- **Activity**
From the line containing "きくばりごぜんシリーズは1食" through the last line of the records below, each line is to be repeated exactly; pictures are to be omitted.

- **Data listing**
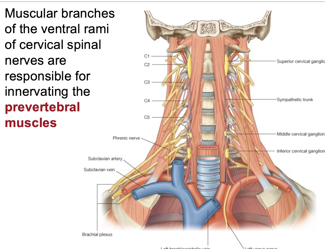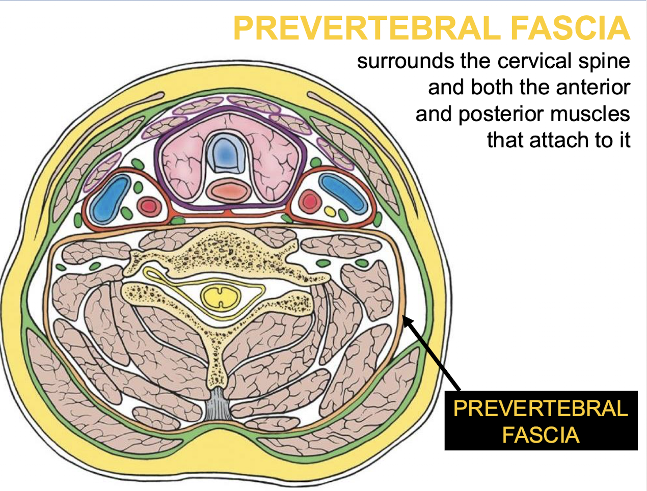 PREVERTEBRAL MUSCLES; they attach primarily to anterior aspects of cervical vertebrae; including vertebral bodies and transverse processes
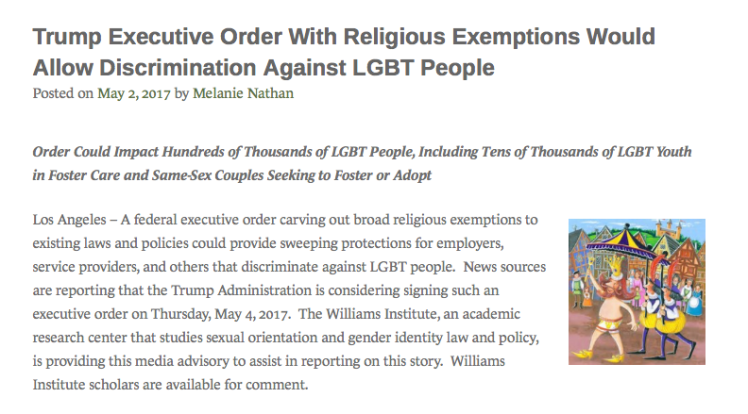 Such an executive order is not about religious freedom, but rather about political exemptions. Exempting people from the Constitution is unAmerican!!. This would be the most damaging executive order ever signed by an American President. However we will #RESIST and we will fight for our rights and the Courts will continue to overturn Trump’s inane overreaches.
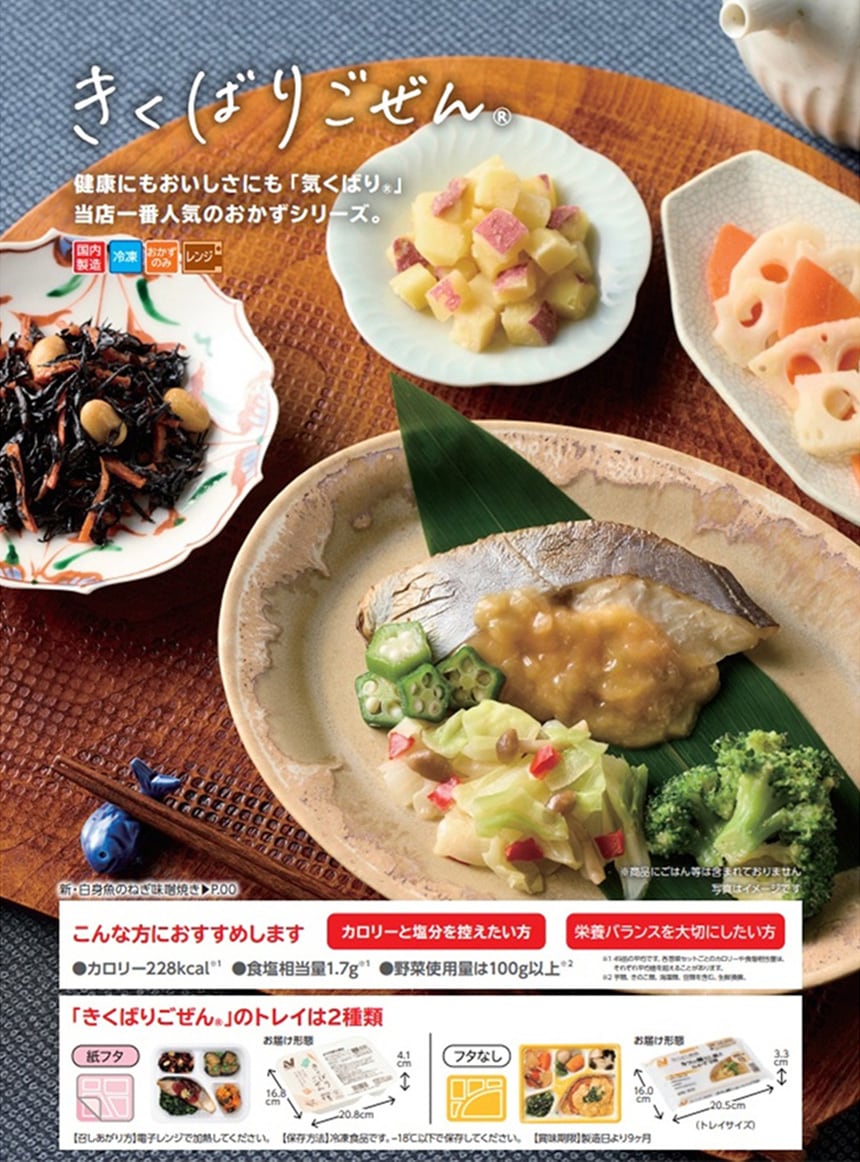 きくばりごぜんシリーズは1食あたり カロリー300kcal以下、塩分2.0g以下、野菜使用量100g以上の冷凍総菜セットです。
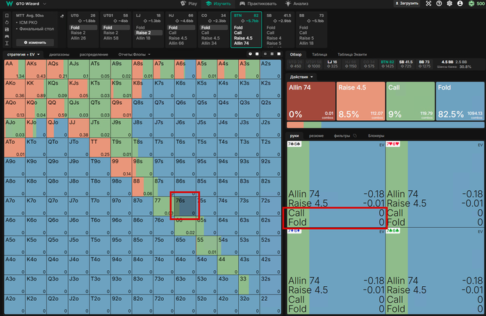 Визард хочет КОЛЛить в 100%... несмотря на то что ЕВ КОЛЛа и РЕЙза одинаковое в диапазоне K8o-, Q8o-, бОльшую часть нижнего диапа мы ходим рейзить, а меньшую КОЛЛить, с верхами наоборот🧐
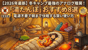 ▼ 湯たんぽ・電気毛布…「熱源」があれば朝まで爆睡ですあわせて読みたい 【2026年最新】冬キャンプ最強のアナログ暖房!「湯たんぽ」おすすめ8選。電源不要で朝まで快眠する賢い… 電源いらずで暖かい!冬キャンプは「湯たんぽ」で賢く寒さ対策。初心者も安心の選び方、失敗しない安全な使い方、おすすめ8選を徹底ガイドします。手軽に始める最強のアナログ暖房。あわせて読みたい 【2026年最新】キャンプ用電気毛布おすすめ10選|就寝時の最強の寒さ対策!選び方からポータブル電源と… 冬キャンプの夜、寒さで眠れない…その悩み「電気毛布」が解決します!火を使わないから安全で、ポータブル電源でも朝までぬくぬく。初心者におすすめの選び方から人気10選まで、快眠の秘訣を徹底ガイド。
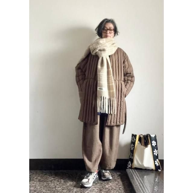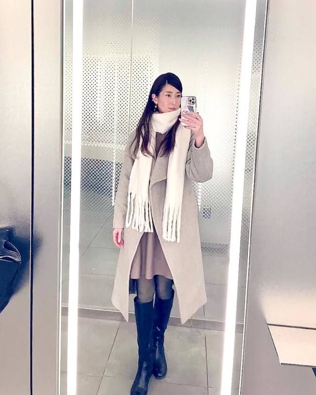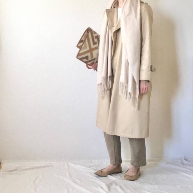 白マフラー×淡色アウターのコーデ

- **Solution for this exercise**
 きくばりごぜんシリーズは1食あたり カロリー300kcal以下、塩分2.0g以下、野菜使用量100g以上の冷凍総菜セットです。
 Визард хочет КОЛЛить в 100%... несмотря на то что ЕВ КОЛЛа и РЕЙза одинаковое в диапазоне K8o-, Q8o-, бОльшую часть нижнего диапа мы ходим рейзить, а меньшую КОЛЛить, с верхами наоборот🧐
 ▼ 湯たんぽ・電気毛布…「熱源」があれば朝まで爆睡ですあわせて読みたい 【2026年最新】冬キャンプ最強のアナログ暖房!「湯たんぽ」おすすめ8選。電源不要で朝まで快眠する賢い… 電源いらずで暖かい!冬キャンプは「湯たんぽ」で賢く寒さ対策。初心者も安心の選び方、失敗しない安全な使い方、おすすめ8選を徹底ガイドします。手軽に始める最強のアナログ暖房。あわせて読みたい 【2026年最新】キャンプ用電気毛布おすすめ10選|就寝時の最強の寒さ対策!選び方からポータブル電源と… 冬キャンプの夜、寒さで眠れない…その悩み「電気毛布」が解決します!火を使わないから安全で、ポータブル電源でも朝までぬくぬく。初心者におすすめの選び方から人気10選まで、快眠の秘訣を徹底ガイド。
 白マフラー×淡色アウターのコーデ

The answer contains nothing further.